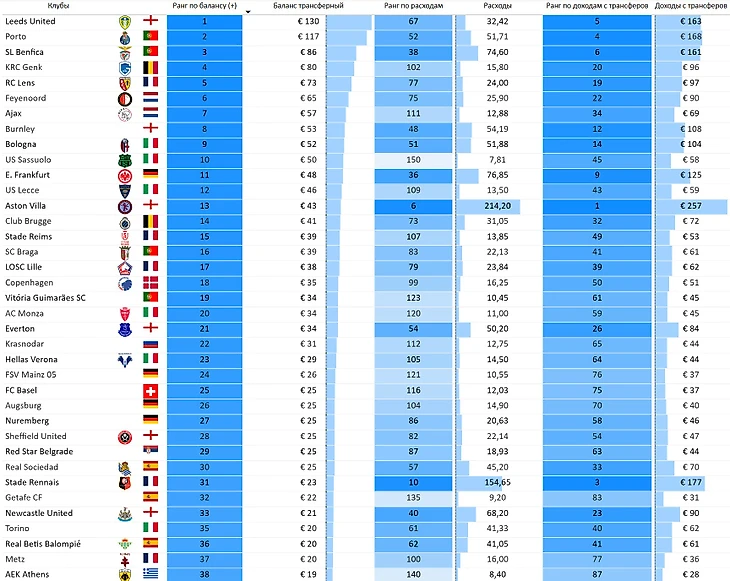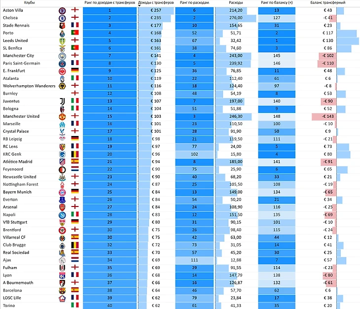 Рейтинг клубов по трансферным доходам, кто больше всех продает?
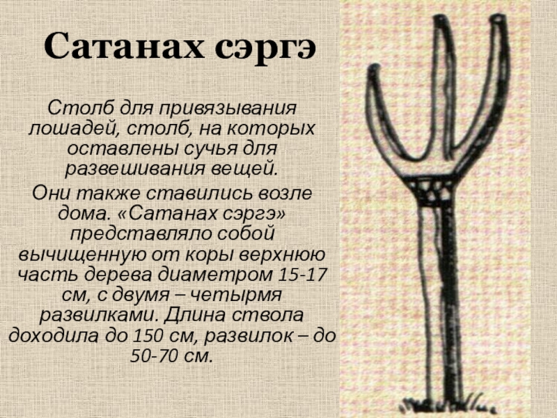Они также ставились возле дома. «Сатанах сэргэ» представляло собой вычищенную от коры верхнюю часть дерева диаметром 15-17 см, с двумя – четырмя развилками. Длина ствола доходила до 150 см, развилок – до 50-70 см.
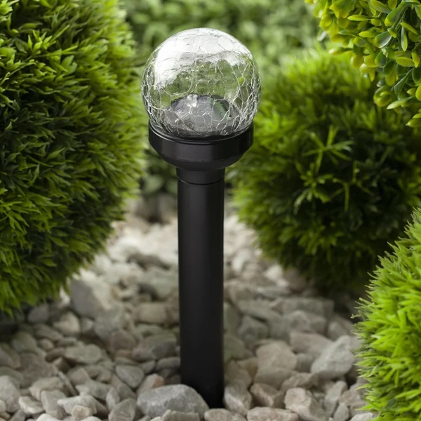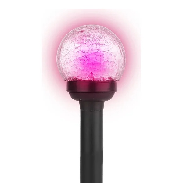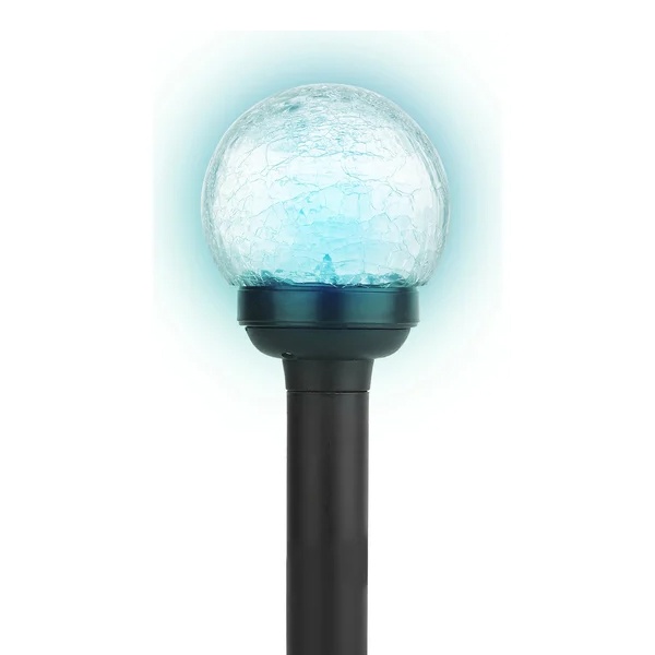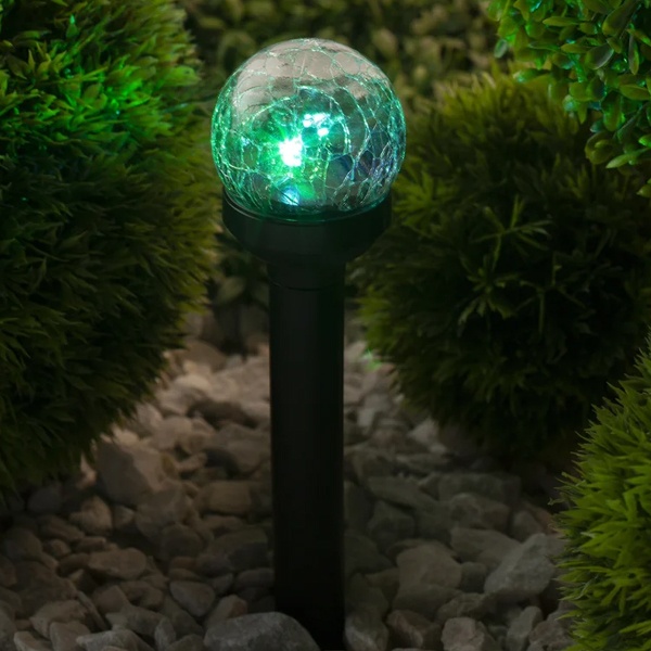 Светильник-втыкашка Кракле, в ПРОМОБОКСЕ. Диаметр стеклянного шарика 5,5 см. Основание - пластик. RGB светодиод. Поставляется в промоупаковке по 12 шт. Обращаем Ваше внимание, что перед использованием фигурки её необходимо включить и зарядить. Светильник заряжается в течение всего светового дня.

** Exercise brief **
With the pictures left out, copy exactly the lines from the one containing "Они также ставились" through the last line of the data.

** Result **
Они также ставились возле дома. «Сатанах сэргэ» представляло собой вычищенную от коры верхнюю часть дерева диаметром 15-17 см, с двумя – четырмя развилками. Длина ствола доходила до 150 см, развилок – до 50-70 см.
 Светильник-втыкашка Кракле, в ПРОМОБОКСЕ. Диаметр стеклянного шарика 5,5 см. Основание - пластик. RGB светодиод. Поставляется в промоупаковке по 12 шт. Обращаем Ваше внимание, что перед использованием фигурки её необходимо включить и зарядить. Светильник заряжается в течение всего светового дня.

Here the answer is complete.